[Assignment]: Word-for-word transcription: reproduce all of the data, but not the pictures.

[Information provided]:

BEGIN

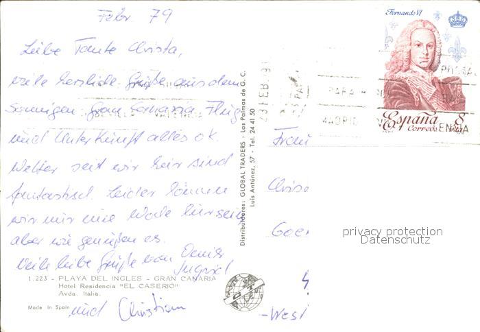 old postcard Gran Canaria Playa del Ingles Hotel Residencia El Caserio postalisch gelaufen Erhaltung siehe scans
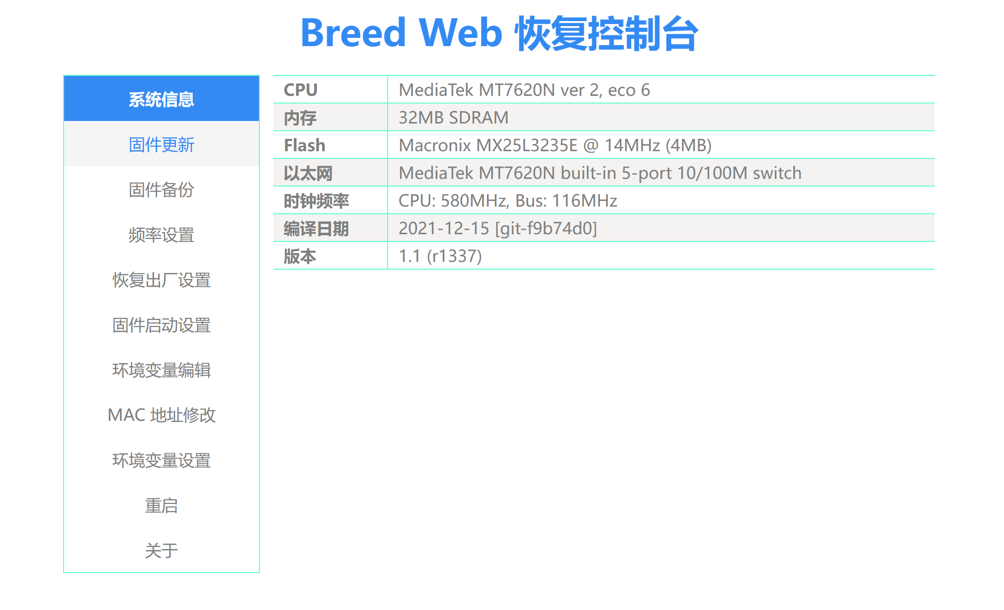 Breed 是由网友开发的一个号称“不死”的引导加载程序。只要路由器成功刷入 Breed 之后,随意更换路由器系统就不容易刷坏了,同时也具备了备份路由器系统和更改MAC的功能
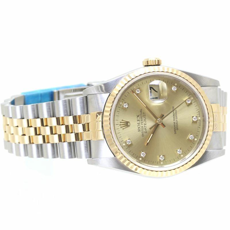 | 商品説明 | | 取扱店舗 | 銀座店 (TEL03-6264-4880) | | 状態 | 中古Aランク | | 型番 | 16233G | | 素材 | K18YG イエローゴールド / ステンレススチール | | 文字盤 | シャンパンゴールド/10Pダイヤモンド | | サイズ | [ケース幅]約36mm(リューズ除く) [腕周り]最大約19.5cm
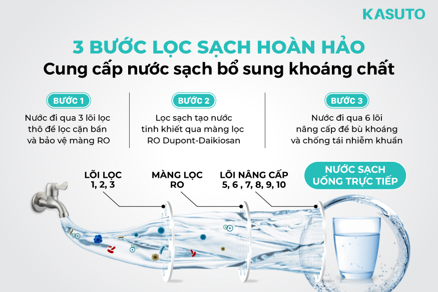 Máy lọc nước RO nóng nguội lạnh Kasuto KSW-32709H sử dụng màng lọc RO Daikiosan Dupont cho ra dòng nước sau lọc đạt độ tinh khiết cao.
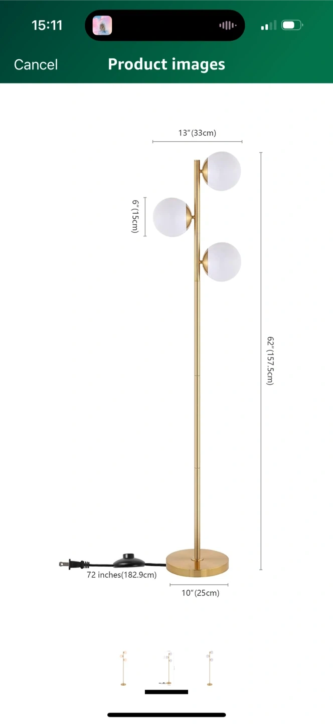 The lamp stands at 62 inches (157.5cm) tall, with a base diameter of 10 inches (25cm). Each globe is 6 inches (15cm) in diameter, and the overall width is 13 inches (33cm). The cord length is 72 inches (182.9cm)
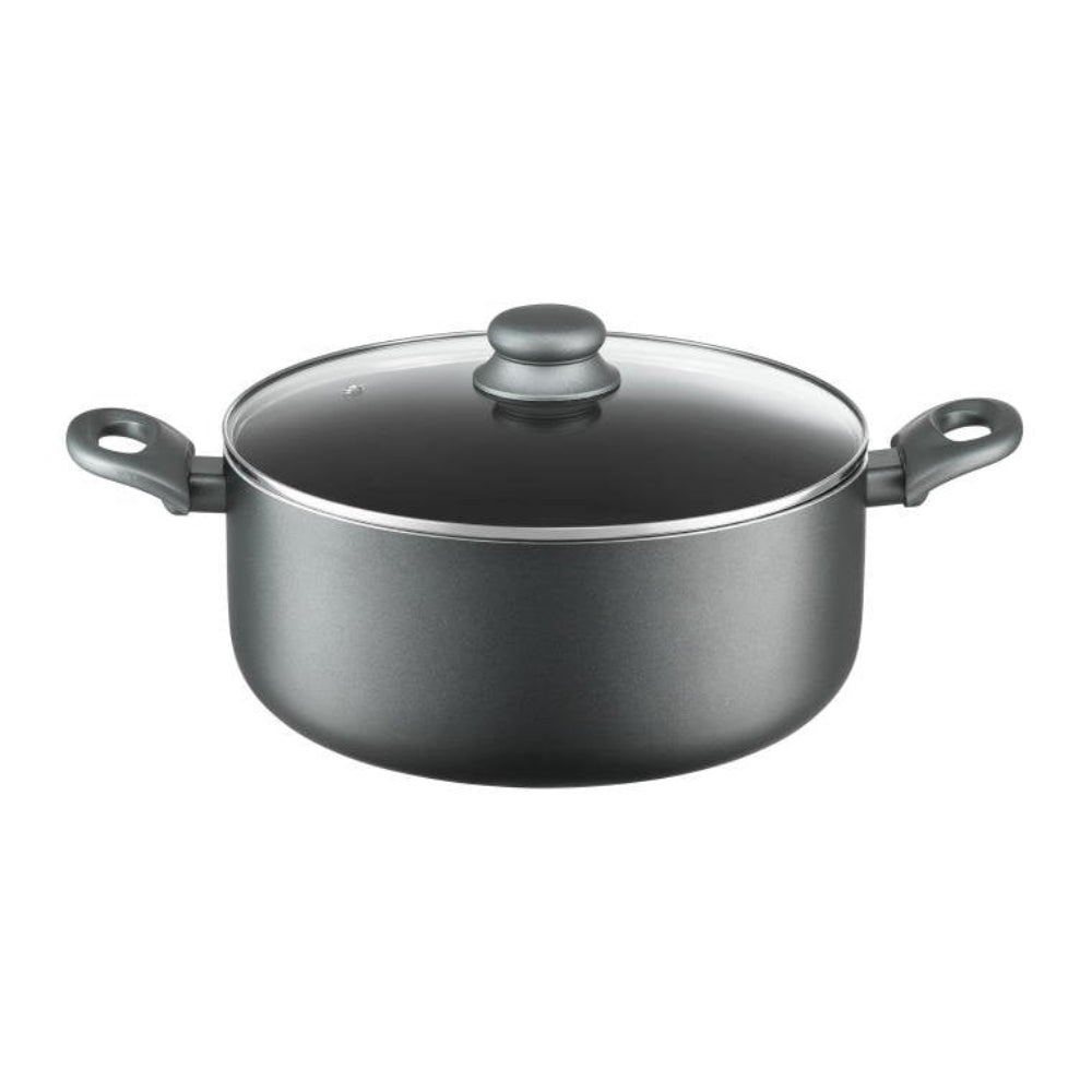 Graphite pot 28cm in diameter, with lid, made of aluminum. Inside covered with the original swiss coating ilag basic. It is a durable coating with very good non-stick properties and high scratch resistance. It has a thick induction bottom and soft touch handle. Suitable for use on all types of cookers, including induction cookers. The cover is made of 4mm thick tempered glass. Material: aluminium, glass, plastic Width: 42,5cm Height: 12cm. Diameter: 28cm. Capacity: 7,2L.
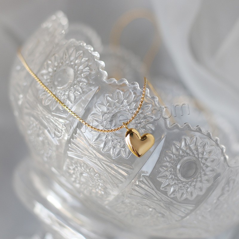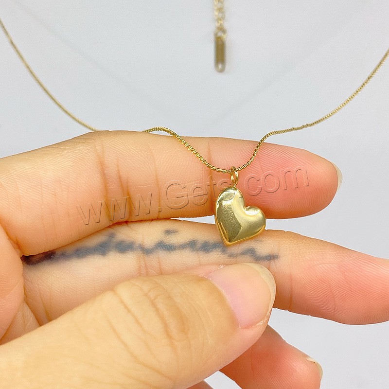 Collar de la joyería de titanio, Partículas de acero, con 2.36inch extender cadena, Corazón, Recubrimiento iónico al vacío, unisexo, color original, 11x9.6mm, longitud:aproximado 16.5 Inch, Vendido por UD
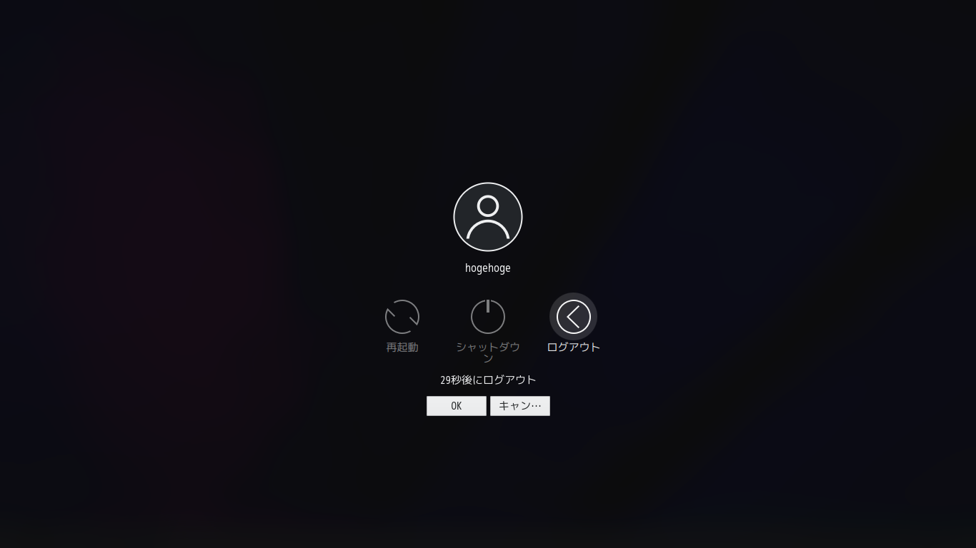 実際 30秒待つか、「OK」を押すか、再度「ログアウト」を選択しないとログアウトしない。 これは、「シャットダウン」や「再起動」ならば、いざ知らず。 ログアウトぐらいで、いちいちこんなことをするのは鬱陶しい。 |
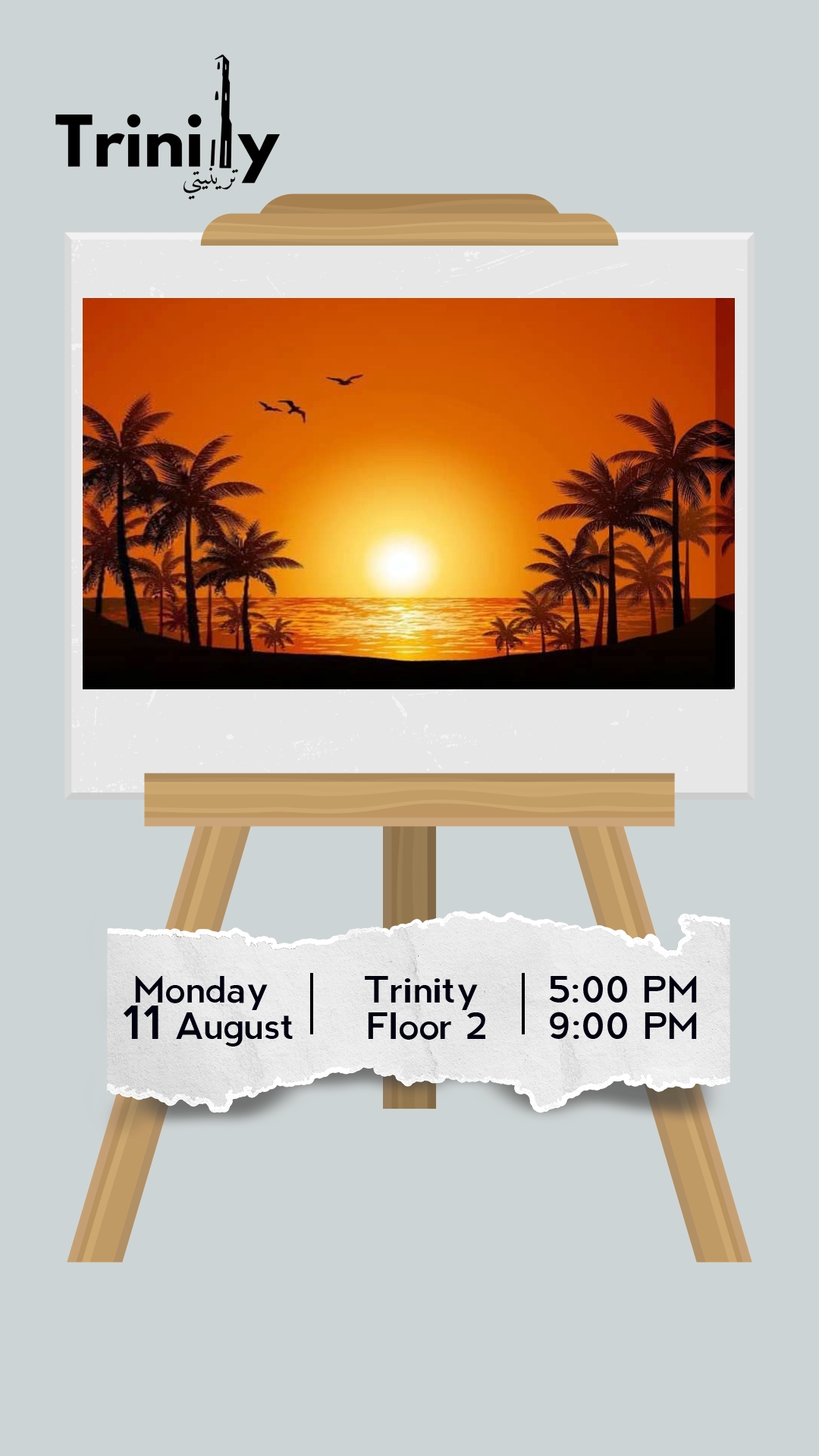 Date Monday, 11Aug25 Sessions 3 Time 11am to 3pm Location Trinity – 2nd floor Fees 300 L.E per lecture or 1000 L.E for all We have an exciting opportunity for you at Trinity with our Workshop: Paint Your world with Amanda Sami! – Workshop Start Dates: Mondays – August 11, 18, 25 & September 1
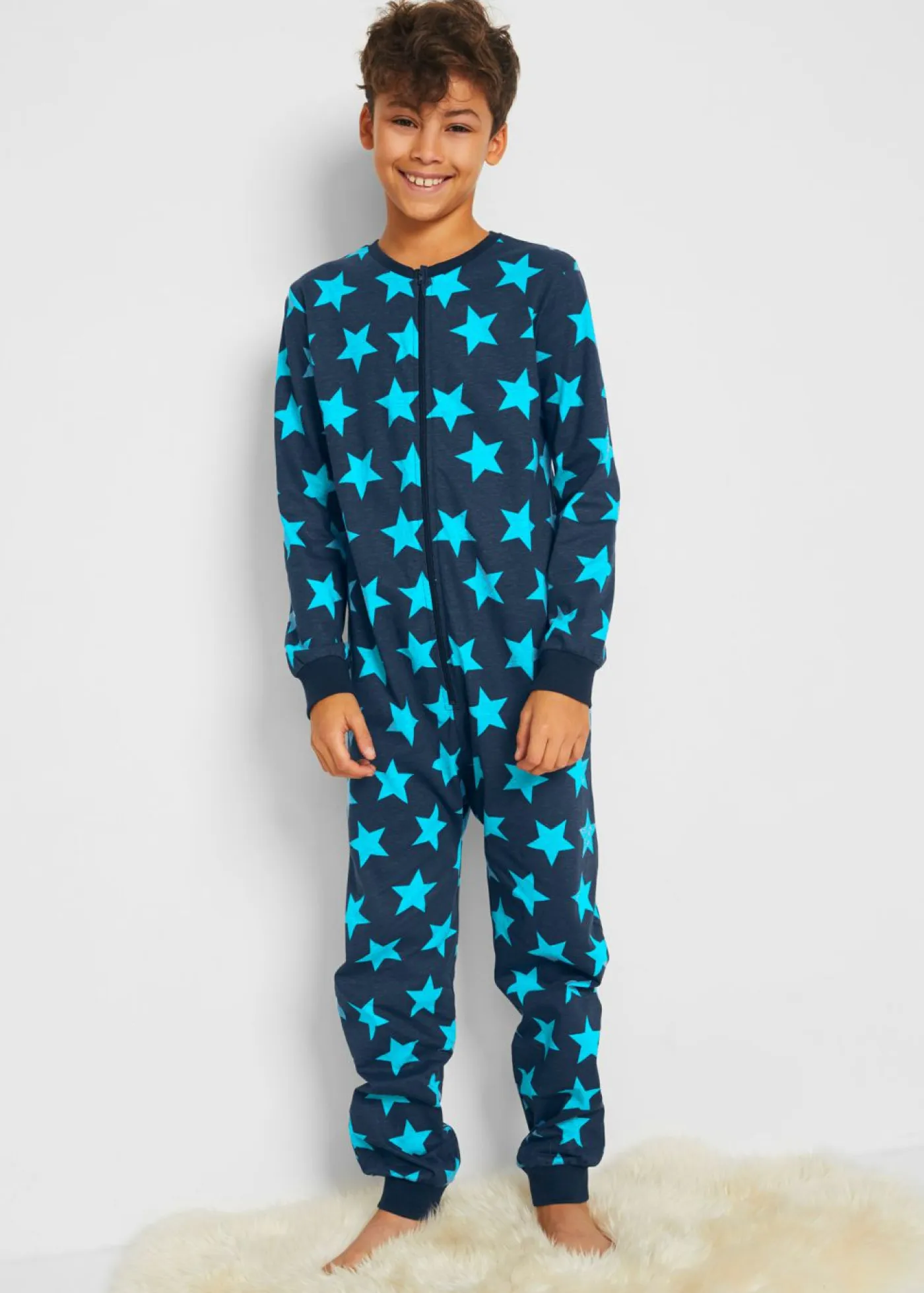 Moderno mono para dormir con estampado de estrellas y algodón orgánico. Imprescindible para el invierno: este mono para dormir con estampado integral de estrellas. Los puños anchos en las mangas, los bajos de las piernas y el cuello, así como la suave calidad del algodón, garantizan una gran comodidad. La cremallera con protección para la barbilla en la parte delantera permite ponérselo fácilmente.

END

[Answer space]:
 old postcard Gran Canaria Playa del Ingles Hotel Residencia El Caserio postalisch gelaufen Erhaltung siehe scans
 Breed 是由网友开发的一个号称“不死”的引导加载程序。只要路由器成功刷入 Breed 之后,随意更换路由器系统就不容易刷坏了,同时也具备了备份路由器系统和更改MAC的功能
 | 商品説明 | | 取扱店舗 | 銀座店 (TEL03-6264-4880) | | 状態 | 中古Aランク | | 型番 | 16233G | | 素材 | K18YG イエローゴールド / ステンレススチール | | 文字盤 | シャンパンゴールド/10Pダイヤモンド | | サイズ | [ケース幅]約36mm(リューズ除く) [腕周り]最大約19.5cm
 Máy lọc nước RO nóng nguội lạnh Kasuto KSW-32709H sử dụng màng lọc RO Daikiosan Dupont cho ra dòng nước sau lọc đạt độ tinh khiết cao.
 The lamp stands at 62 inches (157.5cm) tall, with a base diameter of 10 inches (25cm). Each globe is 6 inches (15cm) in diameter, and the overall width is 13 inches (33cm). The cord length is 72 inches (182.9cm)
 Graphite pot 28cm in diameter, with lid, made of aluminum. Inside covered with the original swiss coating ilag basic. It is a durable coating with very good non-stick properties and high scratch resistance. It has a thick induction bottom and soft touch handle. Suitable for use on all types of cookers, including induction cookers. The cover is made of 4mm thick tempered glass. Material: aluminium, glass, plastic Width: 42,5cm Height: 12cm. Diameter: 28cm. Capacity: 7,2L.
 Collar de la joyería de titanio, Partículas de acero, con 2.36inch extender cadena, Corazón, Recubrimiento iónico al vacío, unisexo, color original, 11x9.6mm, longitud:aproximado 16.5 Inch, Vendido por UD
 実際 30秒待つか、「OK」を押すか、再度「ログアウト」を選択しないとログアウトしない。 これは、「シャットダウン」や「再起動」ならば、いざ知らず。 ログアウトぐらいで、いちいちこんなことをするのは鬱陶しい。 |
 Date Monday, 11Aug25 Sessions 3 Time 11am to 3pm Location Trinity – 2nd floor Fees 300 L.E per lecture or 1000 L.E for all We have an exciting opportunity for you at Trinity with our Workshop: Paint Your world with Amanda Sami! – Workshop Start Dates: Mondays – August 11, 18, 25 & September 1
 Moderno mono para dormir con estampado de estrellas y algodón orgánico. Imprescindible para el invierno: este mono para dormir con estampado integral de estrellas. Los puños anchos en las mangas, los bajos de las piernas y el cuello, así como la suave calidad del algodón, garantizan una gran comodidad. La cremallera con protección para la barbilla en la parte delantera permite ponérselo fácilmente.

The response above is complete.